* RAW DATA *
======

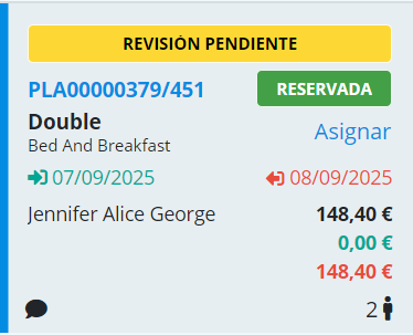Tras seleccionar un tipo de reserva veremos que la miniatura de la estancia muestra el tipo de reserva en la parte superior.
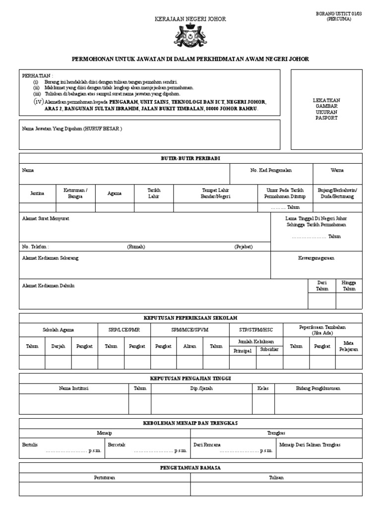 Borang Permohonan Jawatan Kerajaan Negeri Johor
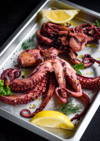 Cut the Octopus into 1 /2 inch pieces and put in a large glass or ceramic bowl with the potatoes. Add all the remaining ingredients and mix.

======

* TASK GOAL *
Each line of the data should be printed again exactly. Please leave pictures out.

* ANSWER SECTION *
Tras seleccionar un tipo de reserva veremos que la miniatura de la estancia muestra el tipo de reserva en la parte superior.
 Borang Permohonan Jawatan Kerajaan Negeri Johor
 Cut the Octopus into 1 /2 inch pieces and put in a large glass or ceramic bowl with the potatoes. Add all the remaining ingredients and mix.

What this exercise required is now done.